The way LIME works with ResNet is relatively simple: you take an image, resize it to match the specifications (we resized them to be 224x224 squares), transform the image to tensors and normalize. The functions we used to transform the images (we referenced this very helpful PyTorch LIME tutorial) can be seen below:

def get_image(path):
with open(os.path.abspath(path), 'rb') as f:
with Image.open(f) as img:
return img.convert('RGB')

# resize and take the center part of image to what our model expects
def get_input_transform():
normalize = transforms.Normalize(mean=[0.485, 0.456, 0.406],
std=[0.229, 0.224, 0.225])
transf = transforms.Compose([
transforms.ToTensor(),
normalize
])

return transf

def get_input_tensors(img):
transf = get_input_transform()
# unsqeeze converts single image to batch of 1
return transf(img).unsqueeze(0)

# transform/normalize the image
def get_pil_transform():
transf = transforms.Compose([
transforms.Resize((256, 256)),
transforms.CenterCrop(224)
])

return transf

def get_preprocess_transform():
normalize = transforms.Normalize(mean=[0.485, 0.456, 0.406],
std=[0.229, 0.224, 0.225])
transf = transforms.Compose([
transforms.ToTensor(),
normalize
])

return transf

pill_transf = get_pil_transform()
preprocess_transform = get_preprocess_transform()
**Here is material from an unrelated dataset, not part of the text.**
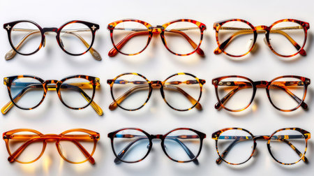 A diverse set of eyeglasses with various frame styles and colors neatly arranged against a white background.
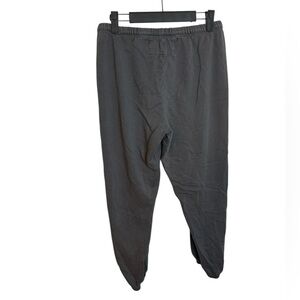 Pre owned excellent condition. The only flaw is a tiny spot on the right leg (pictured). Adorable charcoal gray sweatpants with purple and black logo. WOMENS size xs.

Our model is ResNet18 with the pretrained weights, which we set up here, as well as the predict function:

# predict function
def batch_predict(images):
model_animals.eval()
batch = torch.stack(tuple(preprocess_transform(i) for i in images), dim=0)

logits = model_animals(batch)
probs = F.softmax(logits, dim=1)
return probs.detach().cpu().numpy()

Finally, here is the code we used to train a LimeImageExplainer() class, using a 1D numpy array built from the transformed image and the predict function built earlier. We put these parameters into explain_instance(), which trains our surrogate by segmenting the image into superpixels and measuring which parts of the image are most important to the black box prediction.

from lime import lime_image
from skimage.segmentation import mark_boundaries

image_explainer = lime_image.LimeImageExplainer()
image_explanation = image_explainer.explain_instance(np.array(pill_transf(my_image)), # our image converted to the form of a numpy array
batch_predict, # predict function
top_labels=1,
hide_color=0,
num_samples=1000) # size of the neighborhood to learn the linear model

# Apply mask on the image
temp, mask = image_explanation.get_image_and_mask(image_explanation.top_labels[0], positive_only=False, num_features=5, hide_rest=False)
img_boundry = mark_boundaries(temp/255.0, mask)
plt.imshow(img_boundry)

An example

Once we have finished training the LimeImageExplainer() model on the image and predict function, we can use get_image_and_mask() to retrieve the most relevant superpixels (we specified num_features=5 here, but it could be more or less as well). This highlights the parts of the image that contribute to (green) or against (red) ResNet's prediction. The final result can be seen below:

Figure 1 Figure 1

The images above depict a German shorthaired pointer dog, correctly classified as such by ResNet with 0.94 certainty. The post-hoc explanation for this prediction provided by LIME, as seen in the image on the right, highlights the area of interest in green as shown above. In this case, LIME suggests that the model made an accurate prediction by looking at the dog's face and back and determining that it matched the feature values associated with those of a German shorthaired pointer, while ignoring the background (the water). This method is useful because, despite treating ResNet as a black box, we are still able to somewhat extrapolate the model's thought process and how it came to the conclusion it did.